- **YOUR ASSIGNMENT**
Begin at the line below that holds "Gambar 3: Kebijakan" and end at the line that holds "Το κοινοτικό πηγάδι στο Μεσοχώρι", transcribing each line exactly and skipping any picture.
Top of INPUT MATERIAL
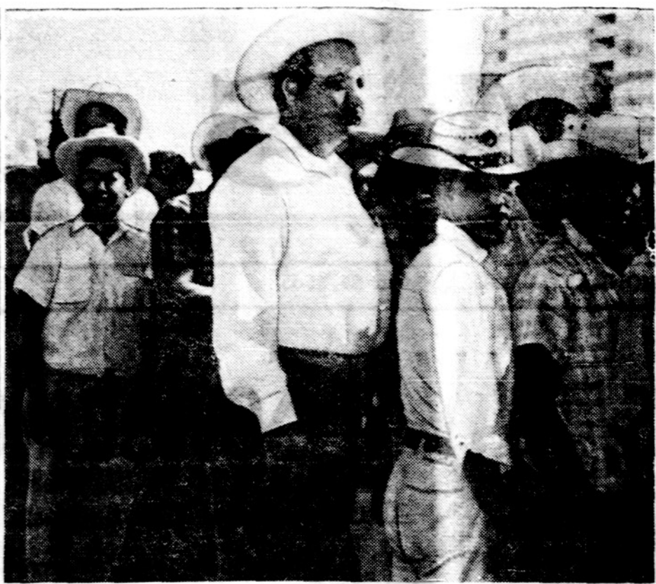
1.563 meksikiečiai, sutikus JAV darbo sekret. Wirtz, atvykę į El Centro, Calif. gauna pažymėjimus, iš kur vyks į žemųjų derliaus nuėmimo darbus. Šimet labai trūksta darbininkų ir žemųjų augintojai sakosi, kad jie nepajėgs nuimti viso derliaus.
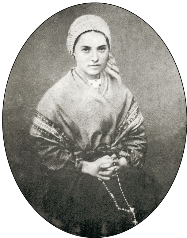
H. Bernadette Soubirous Lourdes 1844 - Nevers 1879
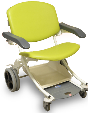
Vert / Grün
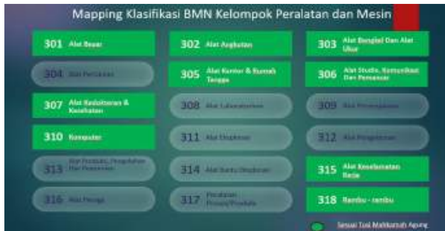
Gambar 3: Kebijakan Kodefikasi BMN untuk Peralatan dan Mesin di Mahkamah Agung
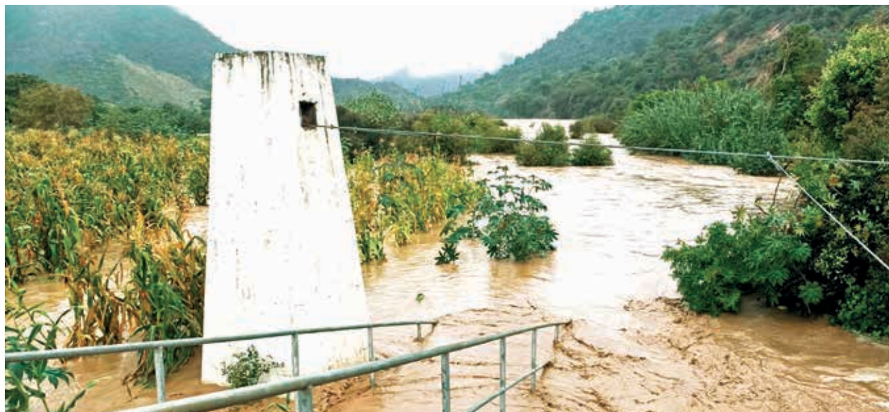
El desborde del río Mizque anegó 200 hectáreas de cultivos en Omereque, que se declaró en desastre.
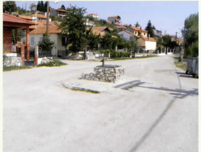
Το κοινοτικό πηγάδι στο Μεσοχώρι

Τα πηγάδια στο χωριό είχαν ποιοτικώς καλύτερο νερό και χρησιμοποιούνταν για πόση και μαγείρεμα. Τα πηγάδια στο τσαϊρι παρείχαν νερό για πλύση και για πότισμα των ζώων. Μοναδική εξαίρεση πηγαδιού στο Τσαϊρι ήταν η Μπούνα (καλό πηγάδι) που παραδόξως παρέχει το καλύτερο ποιοτικώς νερό. Λέγεται ότι ακόμα σε περιόδους μεγάλης ξηρασίας όπου όλα τα πηγάδια στέρευαν, η Μπούνα διατηρούσε κατακάθαρο νερό αρκετό για τις ανάγκες του χωριού. Απο ότι μας λένε οι παλιότεροι στην Μπούνα και στου Ντασταμάνη υπήρχε η περισσότερη «φλέβα» νερού από όλα τα άλλα πηγάδια. Συγκεκριμένα όλοι τότε οι αγωγιάτες και οι κερατζήδες έπαιρναν νερό από το πηγάδι του Ντασταμάνη. Στην Μπούνα τελείται ο επίσημος αγιασμός της ημέρας κατά τον εορτασμό του Προφήτη Ηλία. Εκτός από μερικά πηγάδια τα οποία ήταν κοινοτικά και βρίσκονταν σε δημόσιους χώρους όπως στο Μεσοχώρι, στο Χάνι, στο κάτω Μεσοχώρι, στην
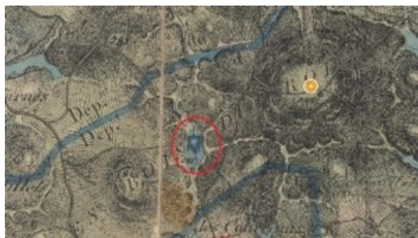
Sur la carte d'Etat-Major (1820-1866), la retenue sur le ruisseau de la Proie apparaît nettement

De nos jours subsiste une modeste retenue, en aval de la première, située en bordure de la « route touristique ».
Bottom of INPUT MATERIAL
- **SOLUTION**
Gambar 3: Kebijakan Kodefikasi BMN untuk Peralatan dan Mesin di Mahkamah Agung
El desborde del río Mizque anegó 200 hectáreas de cultivos en Omereque, que se declaró en desastre.
Το κοινοτικό πηγάδι στο Μεσοχώρι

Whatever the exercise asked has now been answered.